Magnetic North


This summer we've gravitated north, much further north than we'd normally do. It became obvious that we'd have to start hitting the Northern Limestone one busy day at Shipwreck Cove. Eight-hour round trip from London only to have 3 half-baked attempts at Airshow (8a+), despite being first at the crag and last to leave. People and tides made me think that we'd be better off using those eight hours on the road going up north to the Yorkshire Dales. It's also convenient that I get on with the climbing at Kilnsey, rather than Malham, which made it an easy choice for the summer months.

I love that there's a set of dedicated regulars, a nice familiar sight every time we turn up. Each one of them in their own journey, fighting gravity all in their own ways. And that's what makes you feel part of this weird family, whatever the grade you climb at. That's the nice thing, 9a climbers hanging out with 7b climbers, all one big global family. And there's a lot to be said for their friendliness and welcoming attitude, after only a few weekends we felt like part of the gang. We get considered "locals" in many crags, so it's always amusing to see people's expression when they find out we are actually based in London.

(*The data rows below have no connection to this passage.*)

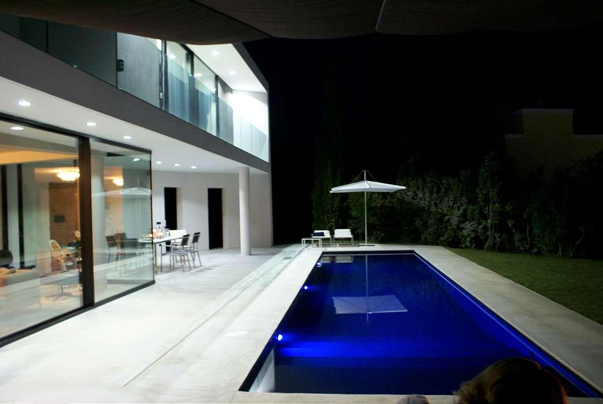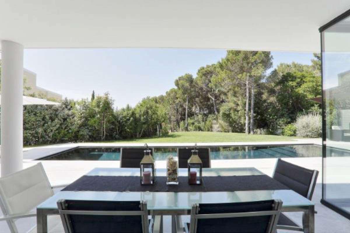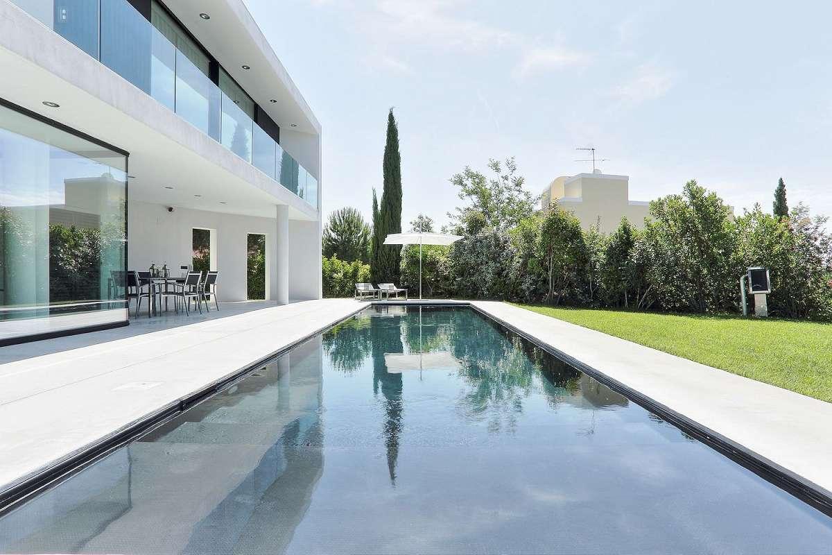Recently constructed, this elegant house has been designed in a beautiful minimalist style, with clean lines, grey tones and great attention to detail. The architecture has been inspired by some of the world's greatest contemporary architects. The master bedroom suite with its parquet flooring, state of the art climate control and bathroom of 40 sqm which includes an outdoor shower, has featured in many architectural magazines for its beauty. The large windows are made of Planitherm glass for climatic efficiency and superb design. The floors on the ground floor are polished concrete or Carrara marble, creating seamless continuity of the interior to the exterior terraces. It is attached to another villa to one side.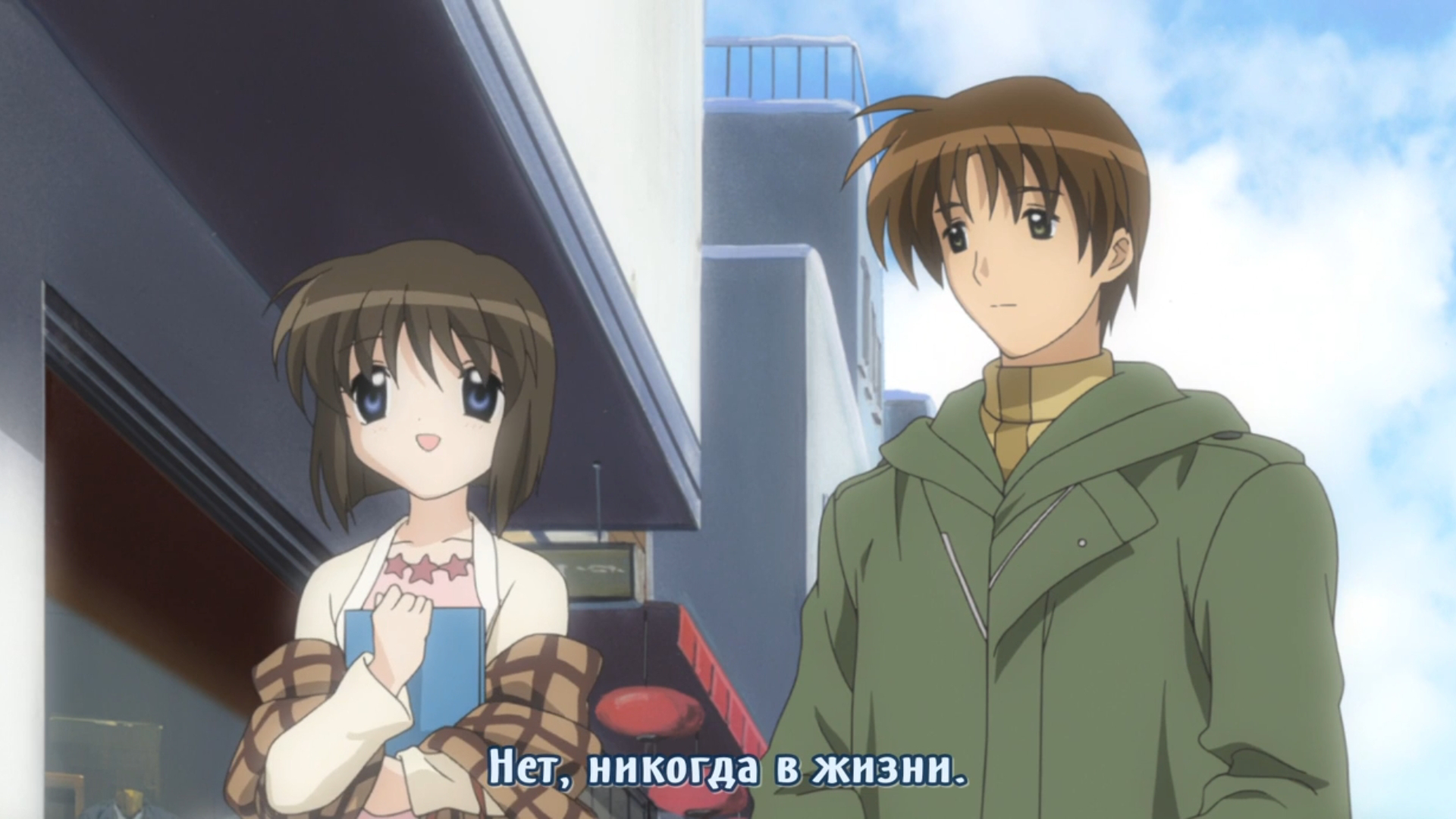 >Я помню, у Томоё в первом кланнаде был брат-колясочник, но это же был не Такафуми по-моему Не, это Такафуми. И он был коляске, потому что прыгнул под машину, чтобы родители не разводились, а конце рута Томоё он выздоровел. В Томоё афтер об этом тоже будет упоминаться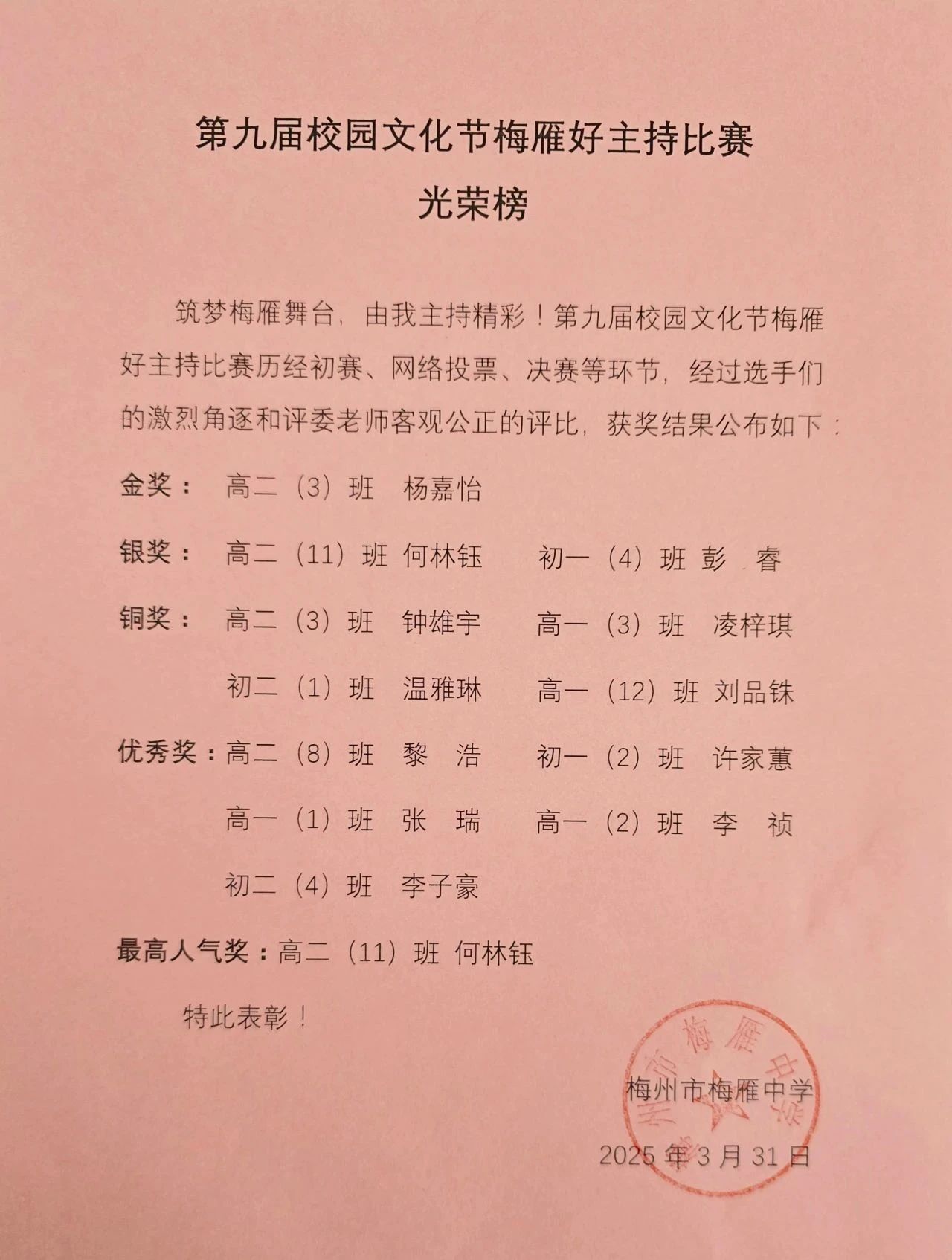 掌上梅州讯 3月28日,梅雁中学第九届校园文化节系列活动之一,梅雁好主持大赛在学校立心大礼堂隆重举行。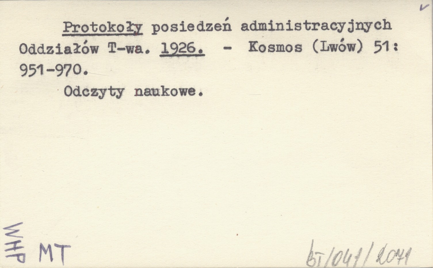 Kosmos (Lwów) , 51: 951-970. Odczyty naukowe.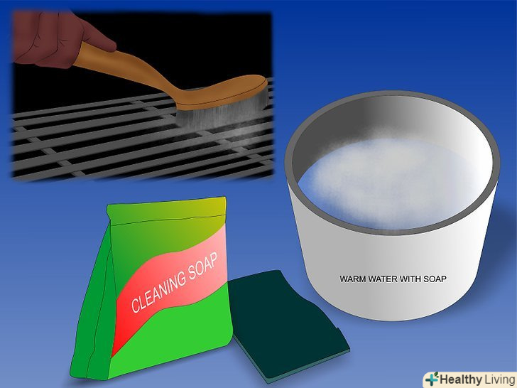 Спаліть жир і сміття. покладіть брикети, закрийте кришку і нагрівайте гриль до максимальної температури протягом 15 хвилин. Це відокремить весь жир з решітки, так, мити його буде легше.- Нехай гриль постоїть і охолоне 10-15 хвилин, після цього приберіть грати і брикети для готування. Помийте решітку в мильній воді, використовуючи щітку для гриля, щоб прибрати весь прилип жир. Дротяна губка також може бути використана, щоб усунути прилип бруд.

The most important aspect to this big group of committed climbers is that I feed off their psyche. If you are struggling to try hard on your project, all you need to do is go for a walk and you are sure to come across someone giving their absolute everything and get inspired. Specially the older guys and girls, I find them way more inspiring than the younger hot shots. At the moment Viki and I are just punters at the crag, but with time and dedication I could ourselves becoming one of these seasoned crankers.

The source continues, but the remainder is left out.